Sven, French GUI-> Appreciate it
Quote: "[edit] hmm, just read you've called it 'infinite land'. How does it works?"
My previous method, the one you see in those landscape screenshots, was to create a massive, seamless landscape out of nine advanced terrains and one large heightmap (1536x1536 if I remember correctly). I would then hide the terrains that weren't in use, and I was working on manually hiding terrain limbs that weren't in the camera view (ala the Update Terrain command, which didn't work for my program).
That had a lot of glitches however. For one thing, a goal of mine from the start was to get larger, non-seamless landscapes working by loading up small parts around the player as he walks around the world, and discarding the ones he left behind. However, Advanced Terrain always crashed when I deleted a terrain. Not good. Also, the Advanced Terrains had seams at the borders.
The new terrain system I've been working on I'm quite happy with. It uses a large grid of objects - 288 of them, in fact - which comprise the gameworld. The fact that they're external .x objects means that A) I can align their vertices to get rid of the seams, B) I can carve holes in them for caves, tweak them for roads and rivers, et cetera, and C) I can lightmap them. Oh, also D), I can go the route of a single large texture map and a detail map, or I can manually texture them up-close.
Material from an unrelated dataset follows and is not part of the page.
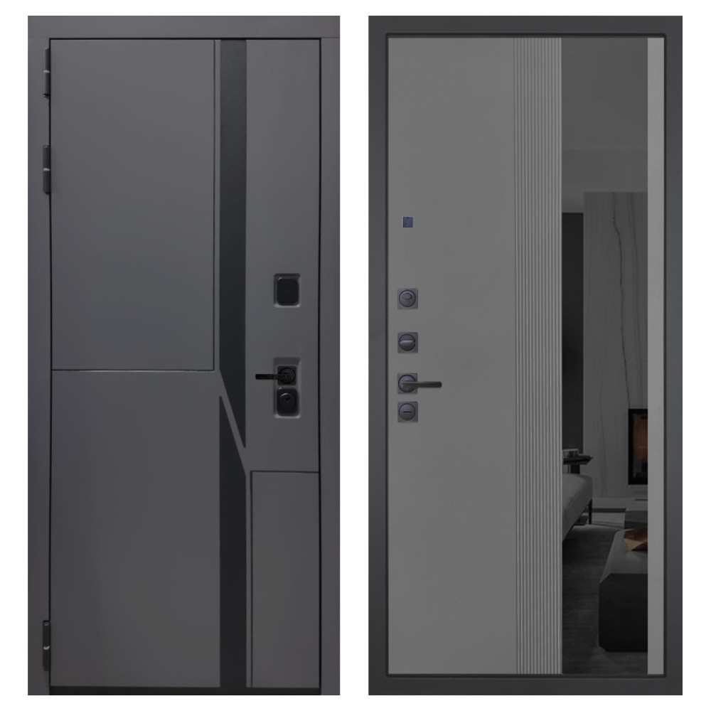 Дизайн и отделка: Металлическая конструкция окрашена полимерно-порошковым покрытием цвета «Муар чёрный», устойчивым к повреждениям и коррозии. Внешняя МДФ-панель и наличники выполнены в цвете «Шагрень графит» толщиной 10 мм — стильное решение, подчёркивающее современный минимализм. Чёрная фурнитура гармонично дополняет общий облик двери.
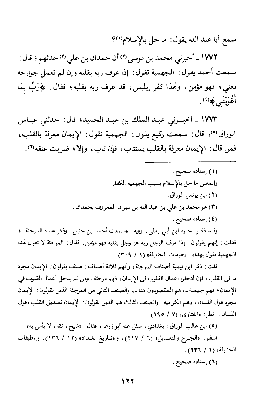 1772 - أَخْبَرَنِي مُحَمَّدُ بْنُ مُوسَى، أَنَّ حَمْدَانَ بْنَ عَلِيٍّ حَدَّثَهُمْ، قَالَ: سَمِعْتُ أَحْمَدَ، يَقُولُ: الْجَهْمِيَّةُ تَقُولُ: §إِذَا عَرَفَ رَبَّهُ بِقَلْبِهِ، وَإِنْ لَمْ تَعْمَلْ جَوَارِحُهُ يَعْنِي، فَهُوَ مُؤْمِنٌ، وَهَذَا كُفْرُ إِبْلِيسَ، قَدْ عَرَفَ رَبَّهُ بِقَلْبِهِ، فَقَالَ: {رَبِّ بِمَا أَغْوَيْتَنِي} [الحجر: 39] "

It seems to me to be the best of both worlds - pre-generated worlds, and a dynamic terrain engine. I've only got a very primitive version of the test engine running right now, but the pauses when it discards old and loads new terrain blocks are miniscule. Throw in objects, scripts, et cetera and there will definatly be pauses when walking around in the outdoors, but hopefuly only small ones. And few and far between, because each individual terrain chunk takes minutes to walk across. The gameworld itself is absolutely vast, Morrowind-scale vast, and I think I might set my game on only a small part of it
.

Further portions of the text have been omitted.